We strongly disagree with the findings in the CNIL investigator’s report, both on the merits relating to the investigator’s assertions of non-compliance with GDPR and the quantum of the proposed sanction. We find the merits of this report to be fundamentally flawed, and the proposed sanctions to be incommensurate with the alleged non-compliant actions. We look forward to further dialogue with the CNIL as well as to defend our case to the ultimate arbitrator of a final decision. Criteo continues to uphold the highest privacy standards, and operates a fully transparent and regulatory-compliant global business. We will not have any further comment until these ongoing proceedings are resolved.

The CNIL does not appear to have issued notification of the decision on its own website — likely because it’s preliminary. (Although EU DPAs do not always publish decisions, either.)

It remains to be seen whether the watchdog will stick to its guns as a French adtech giant pushes aggressively back against its findings.

But the preliminary decision is just the latest blow (in Europe) for the so-called ‘surveillance advertising’ ecosystem — which, during earlier years of regulatory slumber on data protection, made it its mission to strip web users of their privacy in a bid to optimize advertisers’ ability to manipulate individuals’ attention.

A string of privacy and data scandals have raised awareness of what some critics dub the biggest data breach of all time — leading to a rude awakening around mainstream adtech’s creepy, consentless modus operandi, which in turn is leading to a dual regulatory and legislative reckoning (even as plenty of actual GDPR enforcement remains still to come).

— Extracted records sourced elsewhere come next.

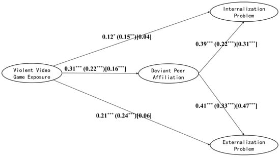 Second, DPA mediated the relationship between VVGE and IP and EP, validating research Hypothesis 2 that VVGE affects PB by increasing children’s adolescents’ DPA. Games have a significant impact on children’s and adolescents’ peer interaction as a way of maintaining friendship. According to social network theory [], individuals who are chronically exposed to violent games may be increasingly exposed to undesirable peers through a process of “selection”. The “selection” process refers to children and adolescents actively choosing peers with similar behaviors as their peers. Children and adolescents chronically exposed to violent video games tend to have more IPs or EPs. They may voluntarily join peers identical to them through a selection process based on similarity. The influence of undesirable peers on children and adolescents’ PB results from the interaction between children and adolescents and undesirable peers. This interaction is two-way, including the “socialization” process and the “selection” process. The process of “socialization” refers to children and adolescents making friends with peers who exhibit PB; they may develop similar behaviors under the influence of peer pressure and other factors. These two processes interact; children and adolescents who play games select peers with behavioral problems, and interactions with undesirable peers increase their own problem behaviors []. Simultaneously, friendships with undesirable peers tend to be unstable, and interactions with them tend to increase traditional peer rejection, which also increases the risk of IPs and EPs in children and adolescents.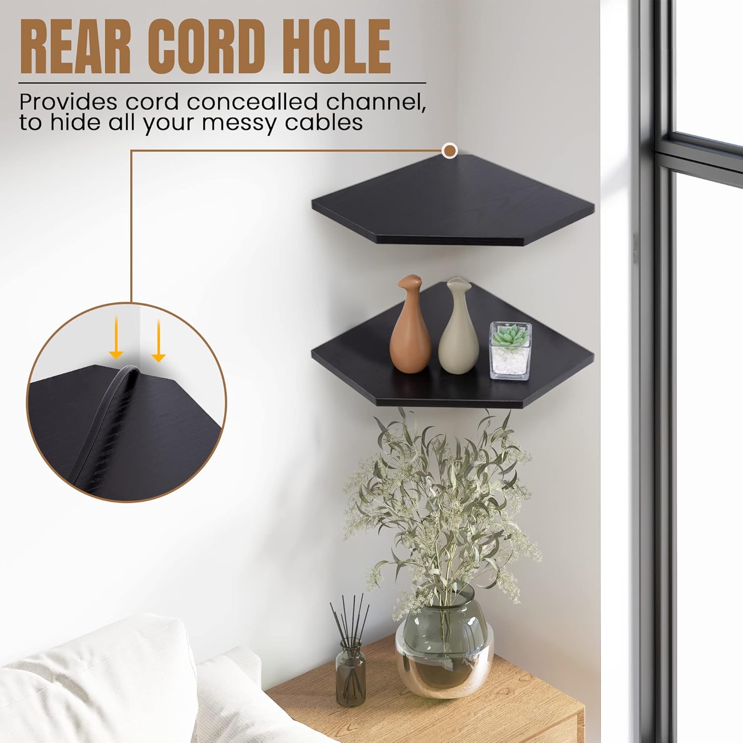 - ăSturdy Corner Floating Shelvesă Our Set of 4 Wooden Corner Shelf Wall Mounts are crafted with premium quality, heavy-duty composite wood making them incredibly durable, mildly waterproof, easy to wipe clean, and environmentally friendly. These corner shelves have been designed to withstand high weight-bearing capacity and can support up to 22 pounds for each tier, making them the perfect solution for all your storage needs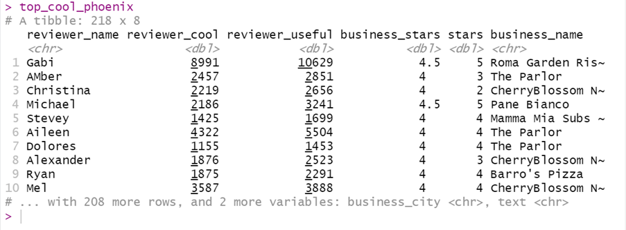 select(reviewer_name, reviewer_cool, reviewer_useful, business_stars, stars, business_name, business_city, text) %>%
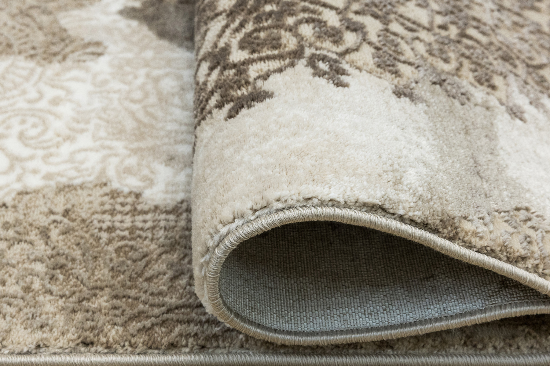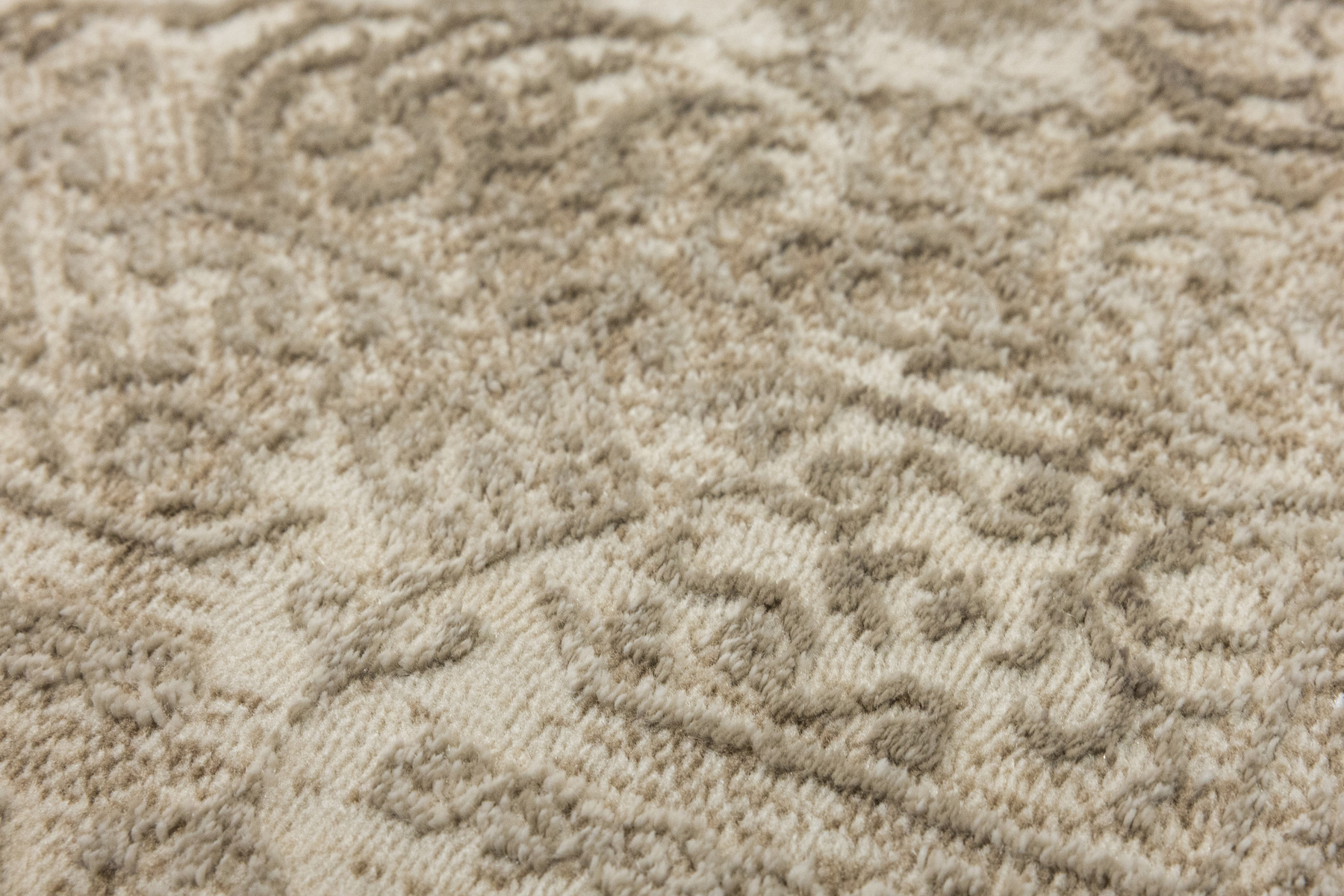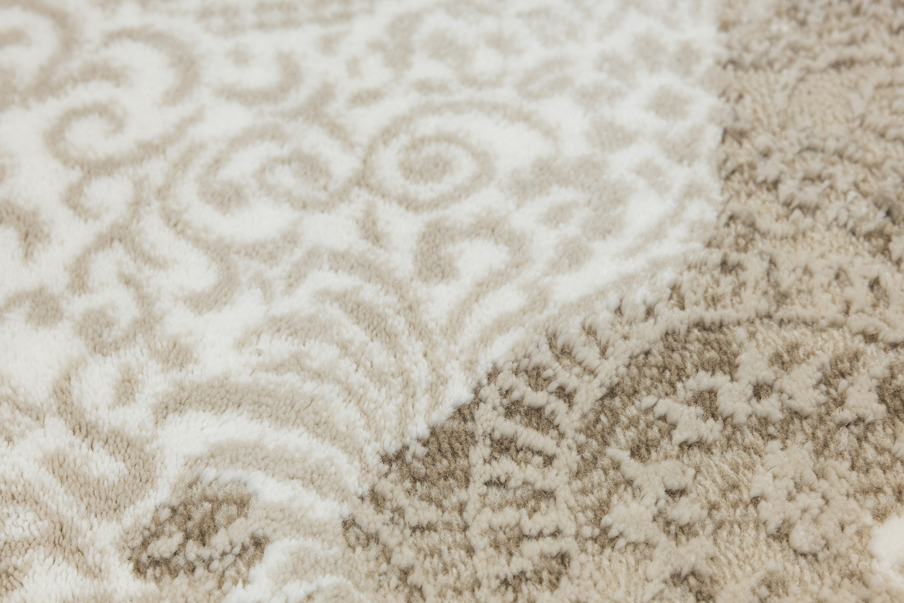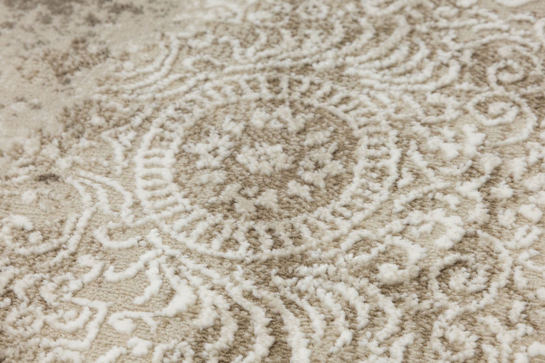 - Miękki dywan Galya z ornamentowym wzorem w stylu boutique, z dwupoziomowym mięciutkim runem w odcieniach beżu i kremu oraz spodem wykończonym jutą.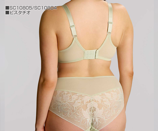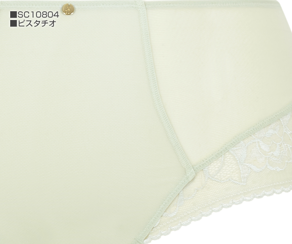 【お取り寄せ】■商品番号:SC10804PIO■本体価格6,710円■おへそ下までカバーするややはき込め深めのスタイル。 セミシアーメッシュ地のセンターパネル部分は透けにくいデザイン。足ぐりのサイドからバックヘムにかけてたっぷりフローラルストレッチレースをあしらっています。 センターフロントにゴールドのメタルチャーム。クロッチ部分はコットン。■素材:ナイロン66% スパンデックス28% コットン6%
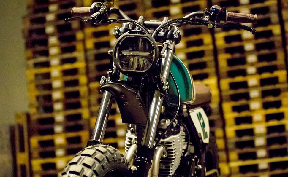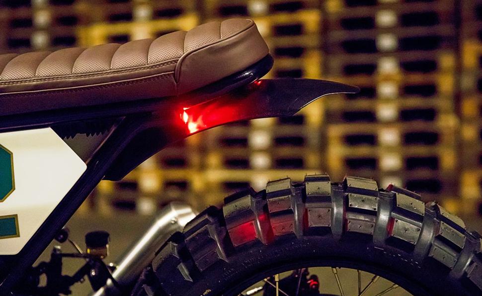 Позади него находится сиденье, обшитое коричневой кожей. Оно установлено на кастомном подрамнике с простенькой петлёй на торце. Дополняют новый имидж две вручную изготовленные алюминиевые боковины с номером 12 и высоко задранные крылья на обоих колёсах.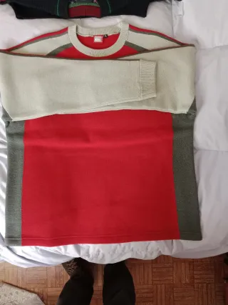 vendo toda esta ropa, las primeras 4 camisetas de deporte en total 8 euros, las otras siete quince euros, la 3 foto a 20 euros, los polos a 10 euros, el abrigo de mujer a 20 euros, los jerséis a 25 euros, los pantalones cortos a cinco euros, los chándal a 20 euros, los vaqueros a 30 euros y las sudaderas a 30 euros, en total podría vender todo por 120 euros. La mayoría es talla M pero hay alguna talla S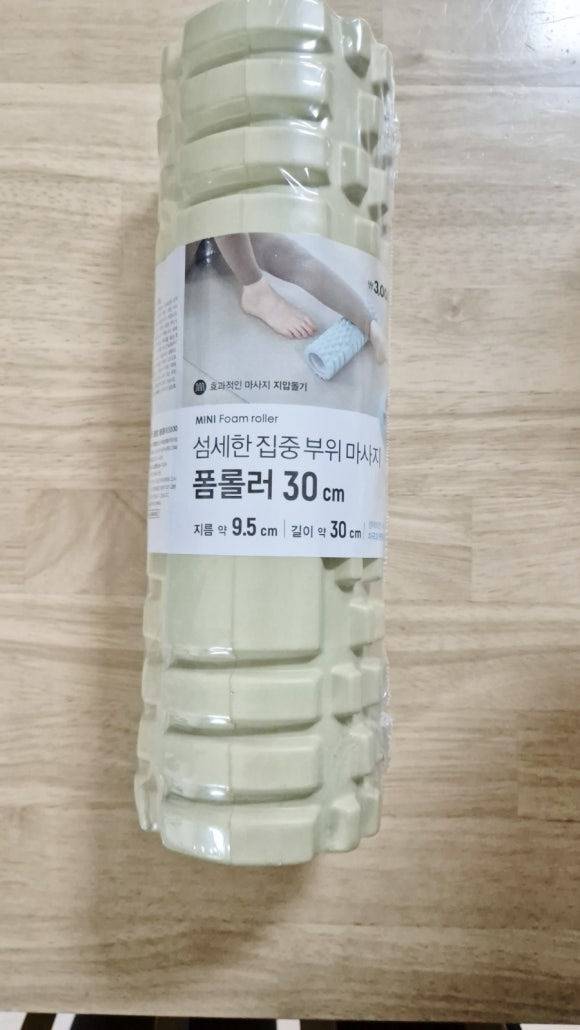 두 번째는 미니 폼롤러. 복근 운동 후, 근육 뭉침을 풀어주는 데 필수인 제품입니다. 특히 복부뿐만 아니라 옆구리나 등, 허리까지 굴려주면 전체적인 코어 이완에 도움이 되는데요. 다이소 미니 폼롤러는 크기가 작고 단단해서 셀프 마사지용으로 딱입니다. 가격은 3,000원대.

Earlier this year, Belgium’s DPA confirmed an earlier preliminary finding against ad industry body, the IAB Europe, and its flagship cross-industry standard for collecting user choices around tracking ads, called the Transparency and Consent Framework/TCF — identifying a laundry list of GDPR violations and giving the IAB a hard deadline of six months to reform the framework to bring it into compliance (although privacy experts have suggested nothing short of a root and branch reconfiguration of these systems will do).

In recent years, France’s CNIL has also issued some major sanctions against tracking cookie violations — under the bloc’s ePrivacy legislation — and earlier this year Google (one of the sanctioned tech giants) issued a revised cookie banner in Europe which finally offers users a clear choice to deny its tracking. Quite the win.

This year, EU lawmakers have also agreed on a ban on the use of sensitive data and children’s data being used for targeted  advertising in incoming digital regulations. While a judgement just this week, by the bloc’s top court, looks set to bolster that incoming restriction by cementing a non-narrow definition of what constitutes sensitive data.